BEGIN RECORD SET

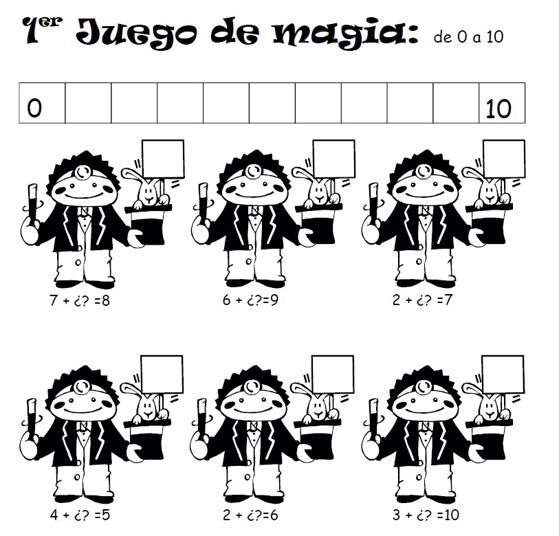 El Juego de Magia: En las actividades de juego de magia hay que adivinar qué número falta en la operación y escribirla en la pancarta que muestra el conejo.
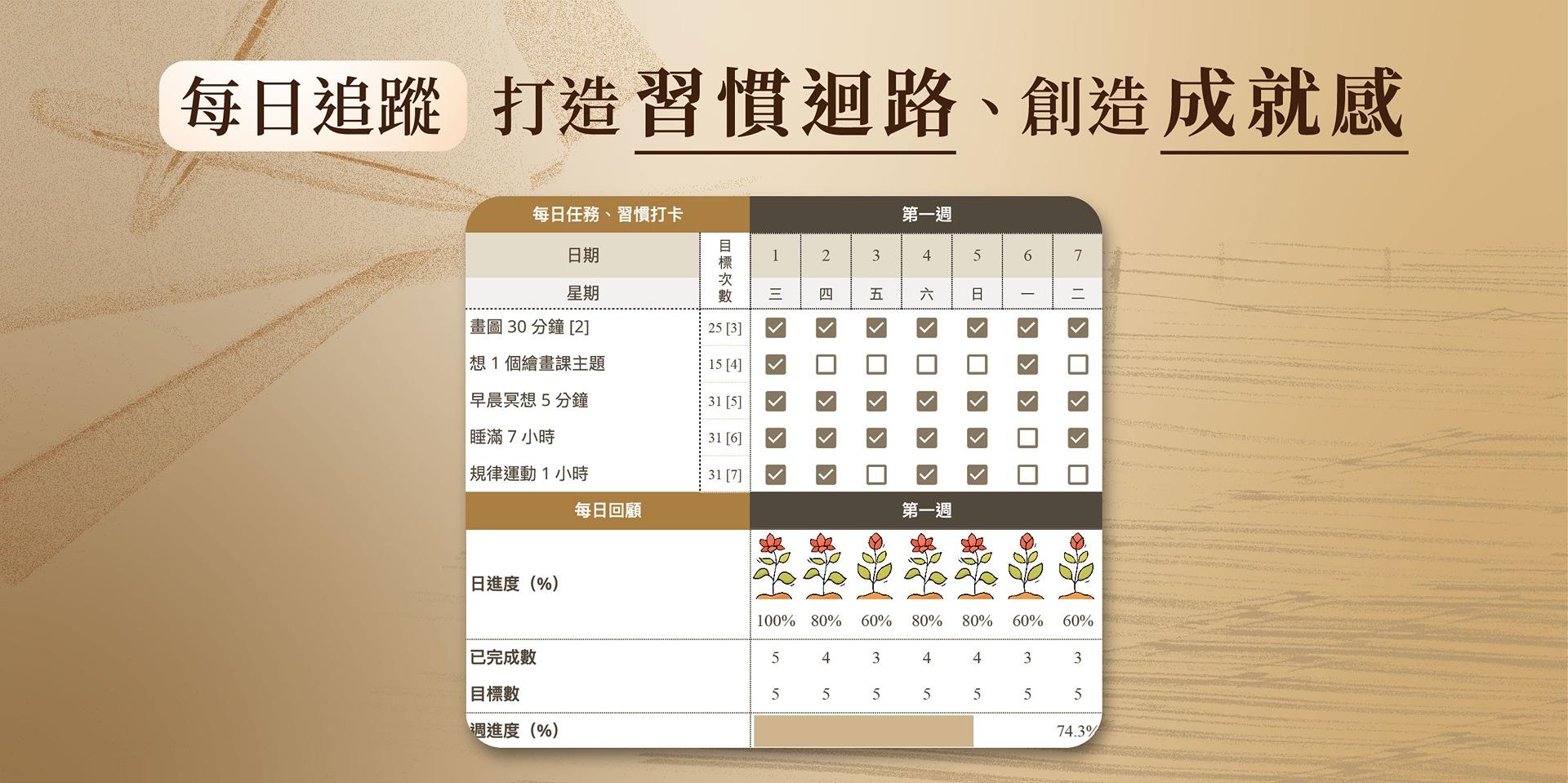 我們將你遙遠的夢想,拆解成一個溫暖而強大的PDCA循環(計畫→執行→查核→行動),讓你從此告別半途而廢,感受每天踏實前進的自己。
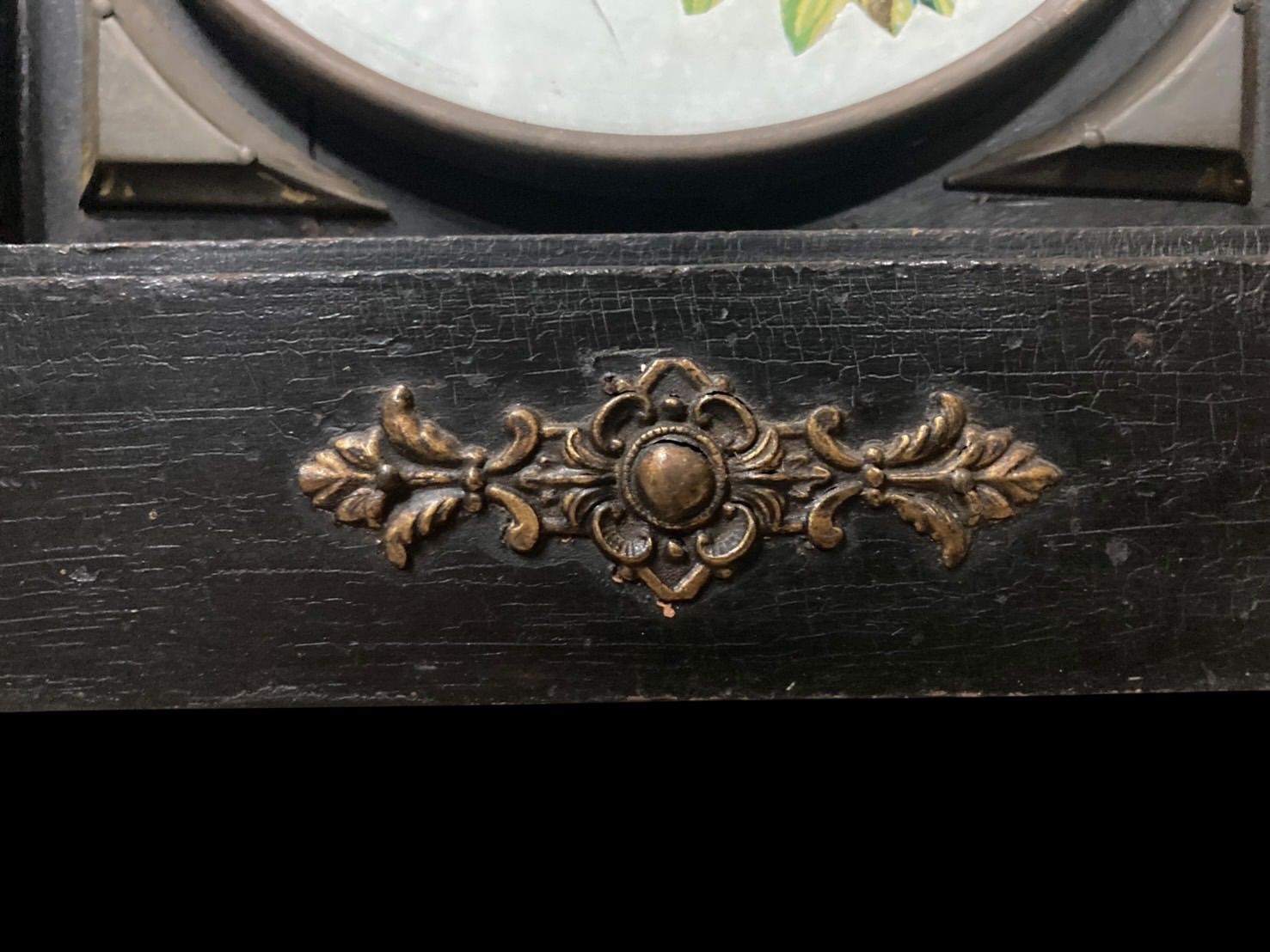 TAKANO タカノ 高野 製 アンティーク ヴェネチアンキーワインドマントルクロック 置時計 スモールセコンド付き ガラス絵 パンジー 真鍮 ゼンマイ式 ボンボン 大正ロマン 古時計 レトロ 時代物 年代物 古美術 骨董 N25J 出西 27 ROLENORIO_COM_BR
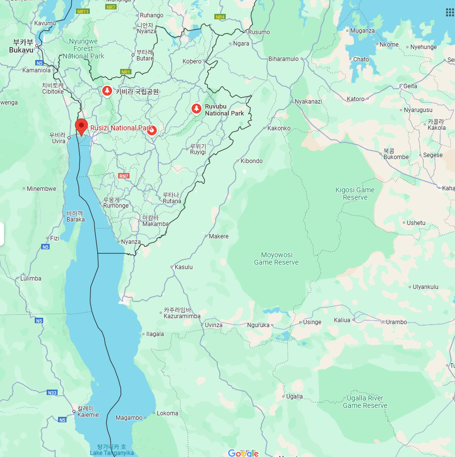 루즈지 국립공원은 부룬디의 대표적인 자연 보호구역으로, 다양한 야생 동물(하마, 악어, 물새 등)을 관찰할 수 있는 곳이에요.
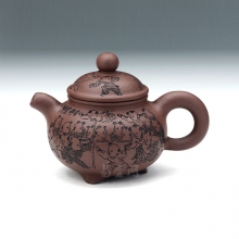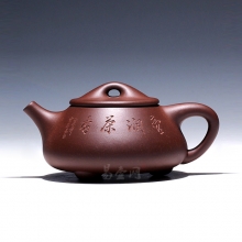 【子冶石瓢壶】沈雅静紫砂壶 实力派紫砂陶艺家 原矿底槽清泥料 全手工紫砂作品 刻绘梅花报春
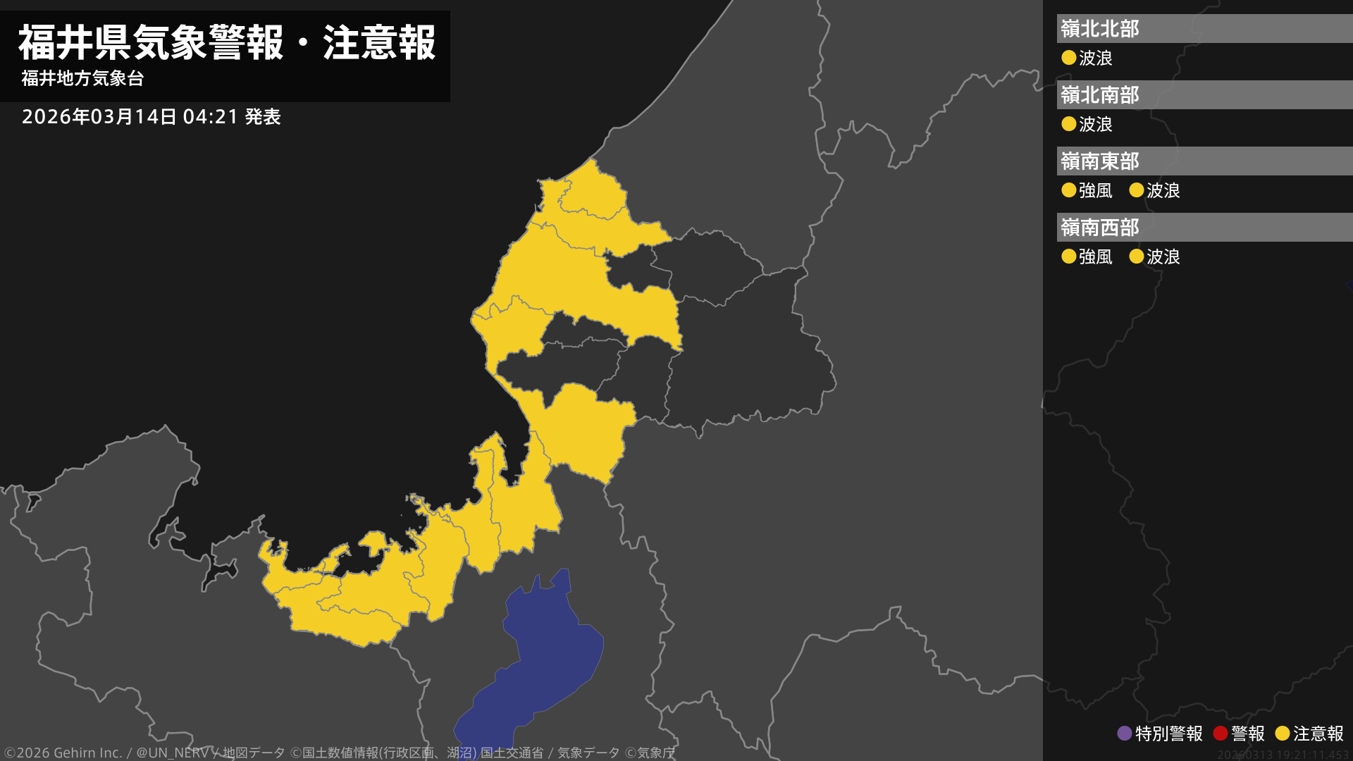 【福井県 気象警報・注意報 2026年03月14日 04:21】嶺南では、14日夕方まで強風に注意してください。福井県では、14日昼前まで高波に注意してください。#気象警報注意報 #福井県

END RECORD SET

▶ [WHAT TO WORK ON]:
The whole listing above is to be printed again exactly; pictures stay out of it.

▶ [ANSWER SECTION]:
 El Juego de Magia: En las actividades de juego de magia hay que adivinar qué número falta en la operación y escribirla en la pancarta que muestra el conejo.
 我們將你遙遠的夢想,拆解成一個溫暖而強大的PDCA循環(計畫→執行→查核→行動),讓你從此告別半途而廢,感受每天踏實前進的自己。
 TAKANO タカノ 高野 製 アンティーク ヴェネチアンキーワインドマントルクロック 置時計 スモールセコンド付き ガラス絵 パンジー 真鍮 ゼンマイ式 ボンボン 大正ロマン 古時計 レトロ 時代物 年代物 古美術 骨董 N25J 出西 27 ROLENORIO_COM_BR
 루즈지 국립공원은 부룬디의 대표적인 자연 보호구역으로, 다양한 야생 동물(하마, 악어, 물새 등)을 관찰할 수 있는 곳이에요.
 【子冶石瓢壶】沈雅静紫砂壶 实力派紫砂陶艺家 原矿底槽清泥料 全手工紫砂作品 刻绘梅花报春
 【福井県 気象警報・注意報 2026年03月14日 04:21】嶺南では、14日夕方まで強風に注意してください。福井県では、14日昼前まで高波に注意してください。#気象警報注意報 #福井県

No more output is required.